There was a quiet knock on Gertrude’s door. All three of them jumped. Claire put Jimmy on her shoulder. The door opened and McCully stuck his head into the room.
“May I see you a minute, Mamie?” he asked. He did not come into the room, having a democratic idea that it was Gertrude’s room, even if it were his house.
Mamie followed him through the house to the little room he used as an estate office. Rain had brought hundreds of small toads onto the lawn. Mamie was always interested in this phenomenon because she could not imagine where the toads kept themselves when it was dry. She watched the toads assembling in the rain. It had something to do with insects, she
knew. When the rain stopped, the toads would disappear as if summoned away by a sorcerer.
McCully did not speak and because Mamie was diverted by the toads on the grass, she did not at first notice his silence or the stiff way that he stood behind his desk.
It was a
koa
wood desk made for McCully the year he had given a workshop to the high school. He had wanted those boys who did not do well in the academic classes, and this would have included most of them, to have the pleasure, tactile as well as emotional, that came from making something good with their hands, something that was not a furrow for sugar cane or a ditch for irrigation. The cabinetmakers he found to teach the boys were local Japanese artisans whose beautiful work, in a more sophisticated and acquisitive market, would have been sold in galleries rather than roadside garages. The boys must have recognized what it was that McCully had done, for by the end of that first year, they had made the desk for him.
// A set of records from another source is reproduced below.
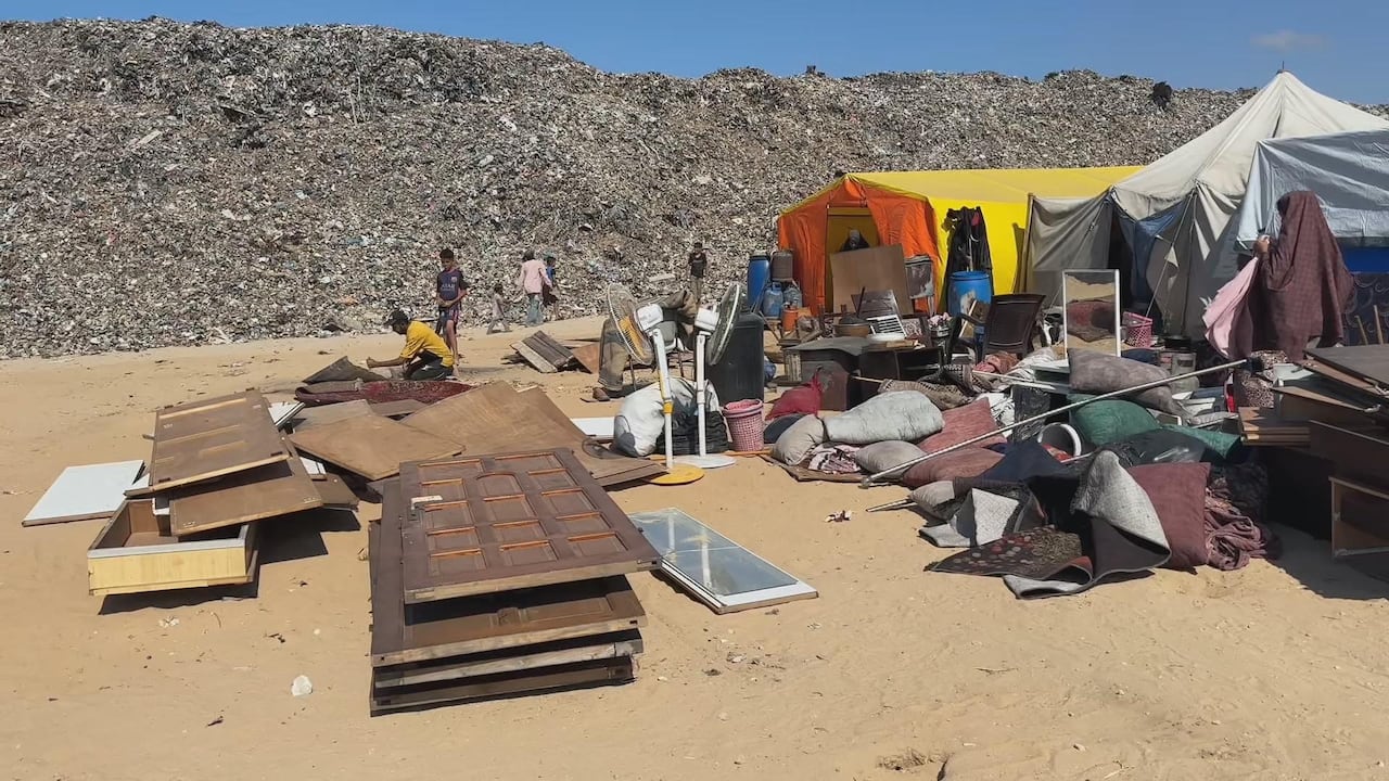 In Al-Zawaida, in the central Gaza Strip, some families driven out of their homes by the Israel-Hamas war have set up shelter in a landfill. ‘I try to protect my kids. I don’t sleep so the dogs don’t come in on us,’ Omar Al-Far, 41, says. ‘There’s poison and the smell of dead animals.’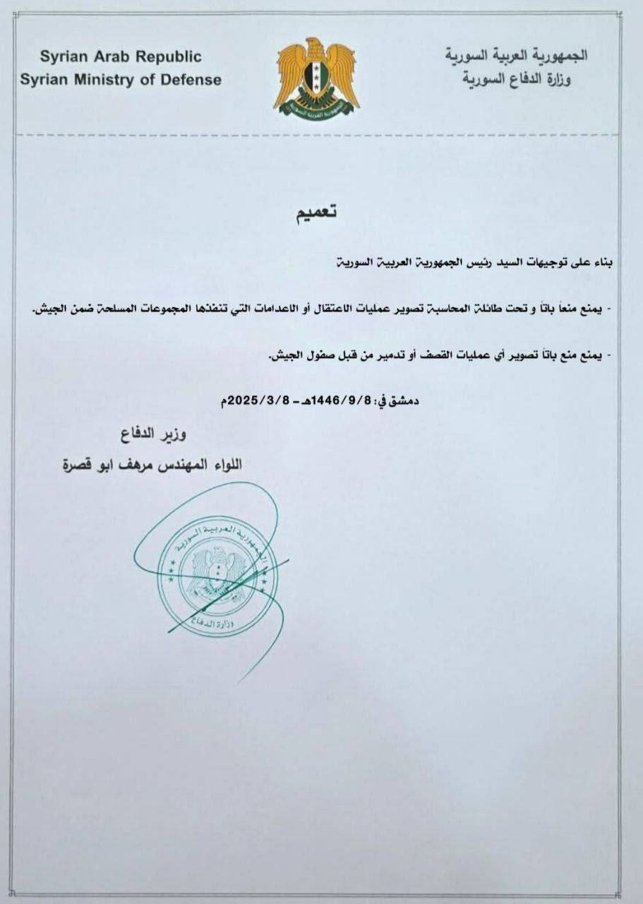 Аль-Арабия: «президент» Сирии Ахмед аш-Шараа в своей речи о последних событиях заявил: «Сирия сталкивается с опасностью остатков прежнего режима», и добавил: «Мы объявляем о формировании высшего комитета по гражданскому миру», и продолжил: «У остатков нет иного выбора, кроме как немедленно сдаться», и продолжил: «Сирия не будет втянута в гражданскую войну», и указал, что «мы не позволим никаким внешним силам втянуть Сирию в гражданскую войну», и подчеркнул необходимость привлечения к ответственности всех, кто причастен к крови мирных жителей.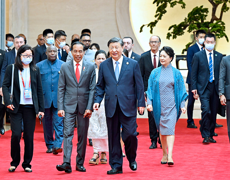 7月28日中午,国家主席习近平和夫人彭丽媛在四川省成都市金牛宾馆举行宴会,欢迎出席成都第31届世界大学生夏季运动会开幕式的国际贵宾。这是习近平和彭丽媛同贵宾们一起步入宴会厅。新华社记者 殷博古 摄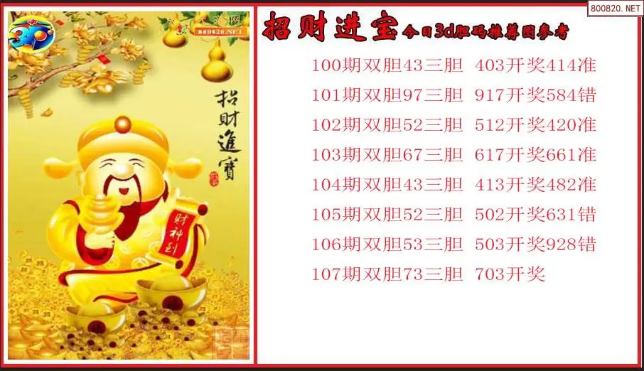 招财进宝2026107期今日3d胆码推荐图参考(原创)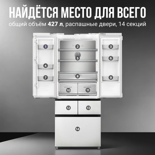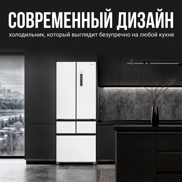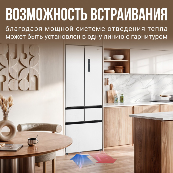 Двухкамерный холодильник TESLER RFD-427BI – это сочетание безупречного стиля с новейшими разработками в области бытовой техники. Предлагая широкий выбор настроек и режимов, этот холодильник остаётся простым в управлении, и поможет сохранить свежесть продуктов надолго. Совмещает преимущества отдельно стоящих И встраиваемых холодильников. Устройство обладает уникальным дизайном, который позволяет частично встраивать его в кухонный гарнитур: глубина корпуса составляет 60 см, поэтому он может быть установлен в одну линию со стандартной кухонной мебелью. Благодаря инновационной системе охлаждения расстояние от боковых сторон до корпусной мебели может составлять всего 5 мм. Таким образом исключается перегрев, что способствует продлению срока службы устройства. Продуманная конструкция обеспечивает минимальный зазор при открытии дверей холодильника, что делает удобным его использование в ограниченных пространствах. Равномерное И быстрое охлаждение C технологией METAL COOLING. Встроенная в заднюю стенку пластина из алюминия эффективно распределяет холод, обеспечивая стабильную температуру внутри холодильной камеры. Это позволяет долго сохранять свежесть продуктов даже при частом открывании дверцы. Благодаря этой технологии в холодильной камере исключаются сильные перепады температуры, что позволяет увеличить сроки хранения продуктов. Инновационная технология Metal Cooling поддерживает стабильную работу холодильника, а стильный дизайн пластины подарит вам эстетическое удовольствие от пользования устройством. Инверторный компрессор. Постоянство температуры и влажности внутри холодильника гарантировано — инверторный компрессор работает эффективно, не создавая лишнего шума. Высокий класс энергоэффективности A+ позволит сократить расходы на электроэнергию. Холодильник НЕ нужно размораживать.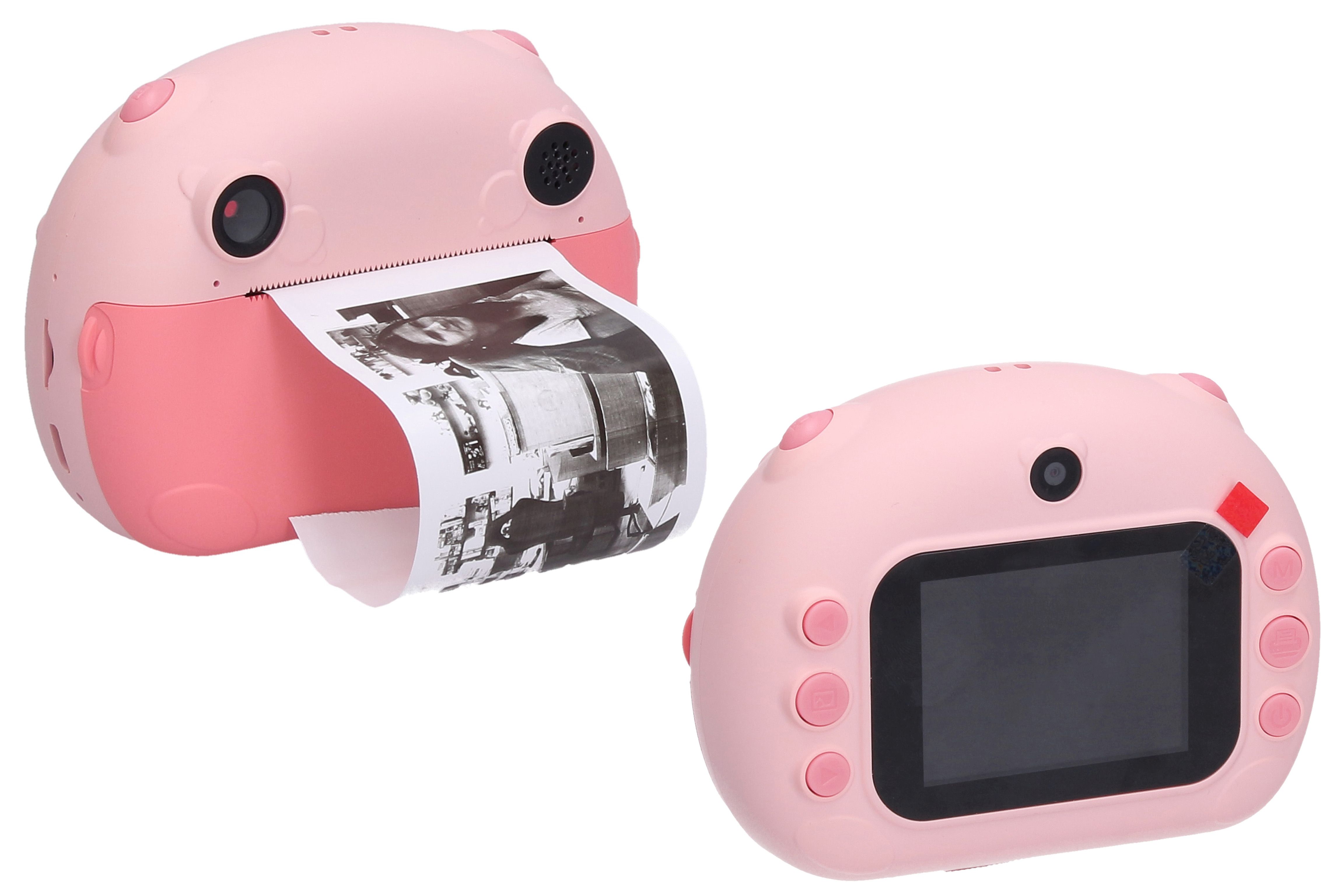 Dětský digitální fotoaparát s tiskárnou růžový - foto 12Mpx, video Full HD. Rozměry 11x4,5x8,5 cm. Rozlišení fotografií 12 megapixelů (4800x2656), videa Full HD (1920x1080). Nastavení kvality tisku. Selfie kamera, časovač, sériové snímání, vložení času, různé efekty (rámečky, vložené animace, filtry) fotografií, hry, mp3 přehrávač, 2,4 palcový displej. Zvlášť tlačítka pro focení, pro natáčení videa, pro tisk fotografií. Vestavěná 750mAh baterie, provoz 180 min, USB kabel součástí. Šířka fotopapíru 5,5 cm, tisknutelná šíře 4,8 cm. 2 role fotopapíru a popruh součástí. Kompatibilní s micro SD kartami - max. 32 GB. Paměťová karta není součástí.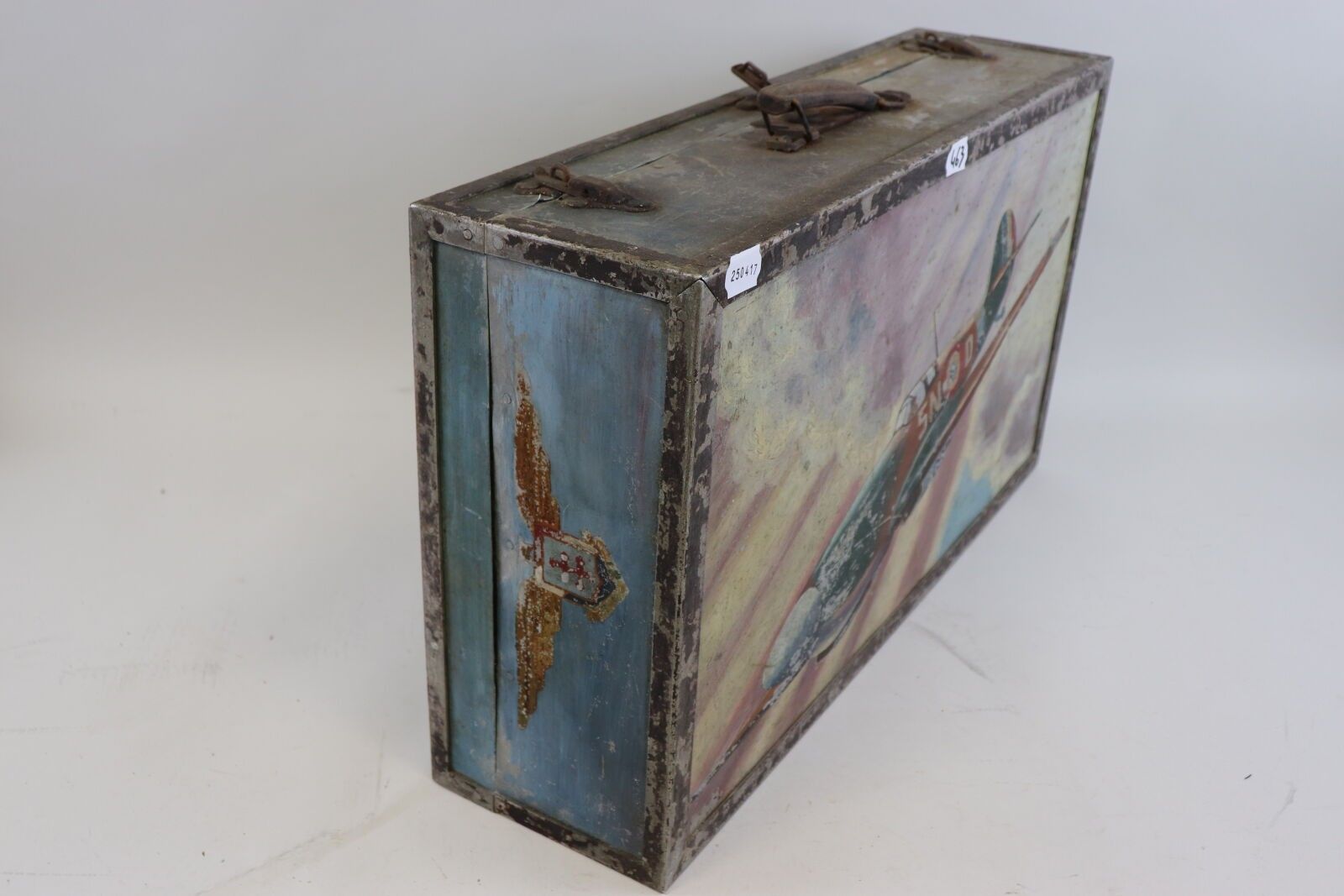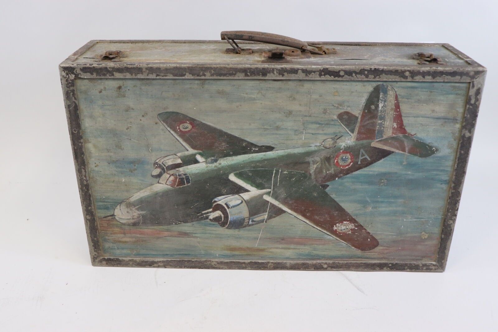 Aluminium suitcase, painted with a Spitfire on one side and a bomber on the other. (paint wear, oxidation)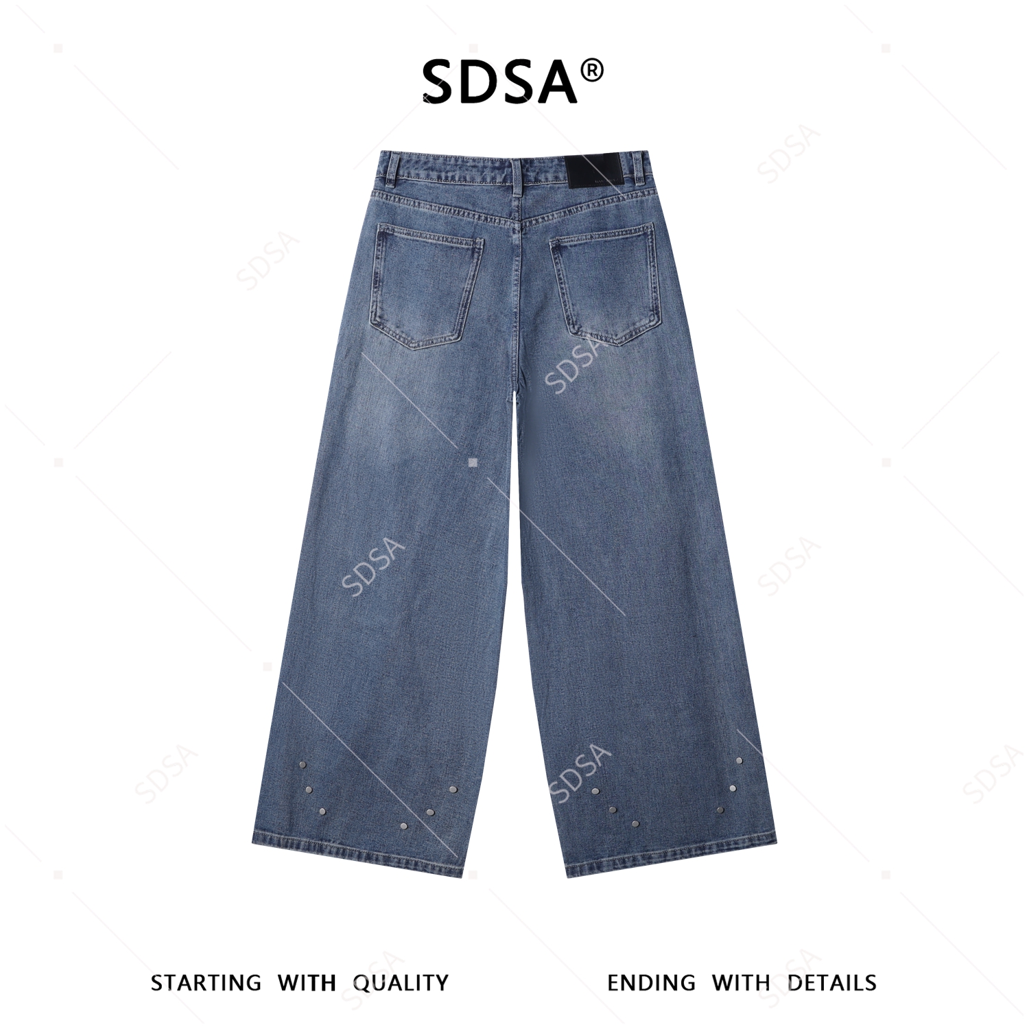 SDSA男装2026新款高贵轻奢美式复古破洞铆钉阔腿牛仔裤百搭时尚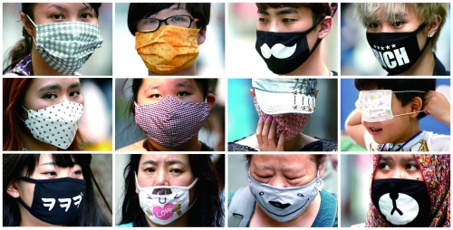 首尔街头,人们戴着各式各样的口罩。 |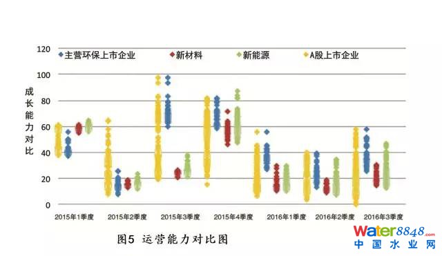在李寶娟看來(lái),環(huán)保產(chǎn)業(yè)發(fā)展受經(jīng)濟(jì)周期性的影響相對(duì)較小,營(yíng)運(yùn)能力較弱成為當(dāng)前A股環(huán)保上市企業(yè)發(fā)展的主要阻力。2015年1季度至2016年3季度,環(huán)保上市企業(yè)始終處于A股上市企業(yè)的中下游位置,表明環(huán)保企業(yè)需通過(guò)優(yōu)化資產(chǎn)配置利用,科學(xué)合理地提升自身營(yíng)運(yùn)能力。(圖5)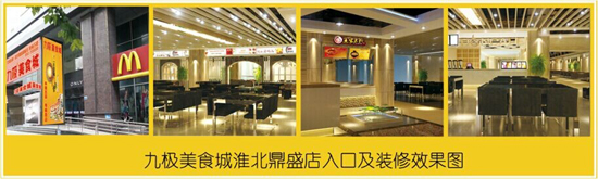 九極美食城是安徽九極營銷策劃有限責任公司鼎力打造的專業性餐飲美食主題文化廣場,位于鼎盛國際五樓商場,是九極美食城自宿州、淮南后的第三家分店。美食城面積約4000平方米,含20家檔口,3家獨立店,兒童娛樂區,水吧,具備幽雅的環境裝飾、配制高檔的餐桌餐椅,即將引進“麻辣四川、七彩云南、日韓料理、粵港美味、西北風情、吃遍江淮……中外特色經典美食”。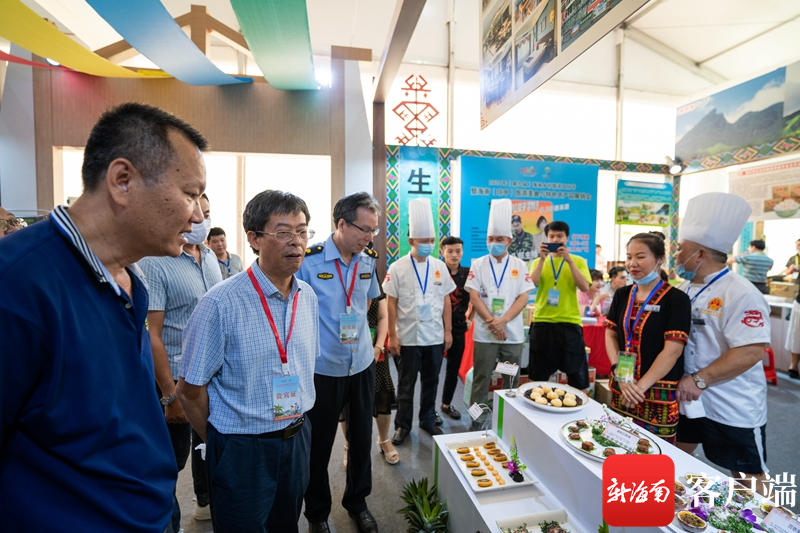 在開幕式現場,海南(瓊中)旅游美食與特色農產品展銷會作為活動一部分,展示了瓊中及海南各市縣特色鄉村旅游景區、景點、鄉村特色食品、特色旅游商品、助農產品、土特產、海南一鎮一品農副產品;活動通過展示、品嘗、銷售等形式展現海南旅游美食和農產品食材。

If it is possible, the desk grew more beautiful in those years it spent in McCully’s room. Perhaps it was the damp salt air, that air that turned new bicycles to rust two days after Christmas, that breathed mercifully on the lovely desk. It had grown more beautiful each year.
The boys who had made it were grown men now and one of the carpenters who had taught them, Mr. Yomashiro, was an old, old man, and because no one ever left the town, McCully would have seen these men all the time in the fields or in the town. None of them had become craftsmen or artists, and they were not unhappy doing the work their fathers had done before them, planting furrows and digging ditches.
McCully bent down, out of sight on the other side of the desk. “Did you do this?” Mamie heard him say.
She walked around the desk. He was squatting before a drawer, rubbing his fingers against the wood, not looking at her. She did not understand. She bent down next to him. He turned to look at her, close to him, as he reluctantly pulled his fingers away from the wood. There, in deep, precise letters were the words
MARY WILDING CLARKE
. It was her name.
Someone had gouged the letters with a strong knife or a chisel. It would have taken time to do it so clearly and deeply. There would have been shavings and sawdust and the sound of the tool scraping and digging. There would have been sufficient time to reconsider; to stop and run away after the first
M
. All of this became more and more clear to Mamie, as it had become clear to McCully.